The Circle of Life

A few minutes ago, as I was perusing blogs and Ches was watching a movie on TV, Aiden came running in from outside where the boys are playing.  “There’s an animal on our patio!  I think it’s a porcupine!”

We discovered a bird (yeah, where did “porcupine” come from???”) laying on the porch.  We thought it was dead, so I got Ches a plastic bag.  As he started to pick up the bird, it moved!  The wings flayed out and it’s head came up.  Then the bird put his head back down and closed his eyes.  We though it must be a hurt bird, and Ches got a small, toy shovel to pick up the bird and see what was wrong.  He can’t find anything wrong, but the bird can’t really fly (it did try for a few seconds), and he can’t hold his head up for long.  He just kept going back to a sleep position.  We think the poor thing is dying.

Ches put the bird in the shade under a tree and we brought the boys inside (although Aiden is outside singing to the bird about having a bad day, being tired, and going home to Heavenly Father).  We’ll go check on the bird in a bit and make sure a cat or certain very active boys haven’t hurt the bird.

It makes me sad to see this bird who can barely hold his head up.  He must be so scared as Ches was picking him up and moving him around.  Why is he dying?  Is he sick?  Is he old?
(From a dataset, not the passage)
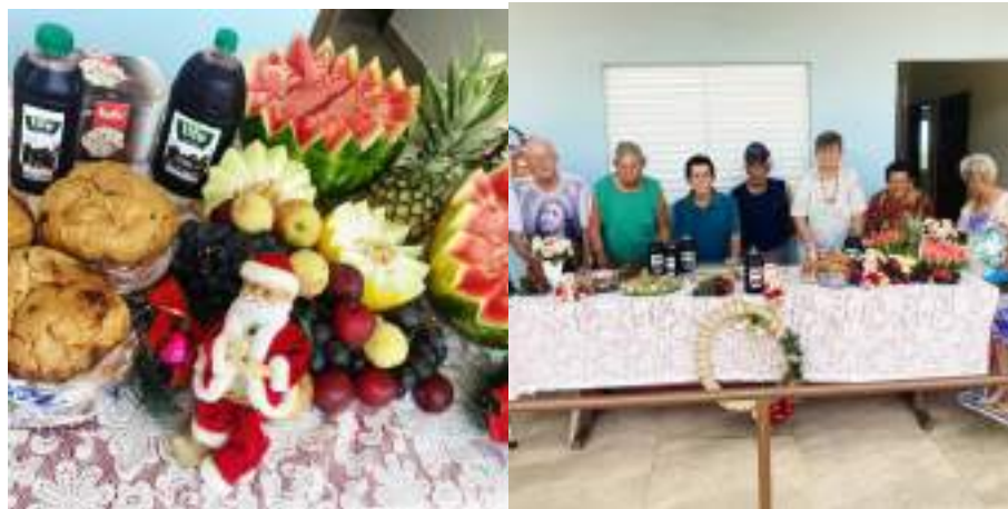
Almoço de Natal - realizado em 25/12/2023

Did he eat something?  What can we do??

I don’t know what else to say about this, really.  I’m just really sad for this bird, and I don’t really know why.  Now my kids (Aiden, really.  He’s the only one who understands any of this) gets to watch and learn about death.  Maybe we should go watch The Lion King or something.


2 responses to “The Circle of Life

  1. Death is hard. But death IS a part of life. I think that it is probably better in some ways if a person learns about death at an early age, and learns not to fear it, but to respect, and understand that we are mortal. Some teens and young adults feel themselves to be immortal and it colors their lives negatively.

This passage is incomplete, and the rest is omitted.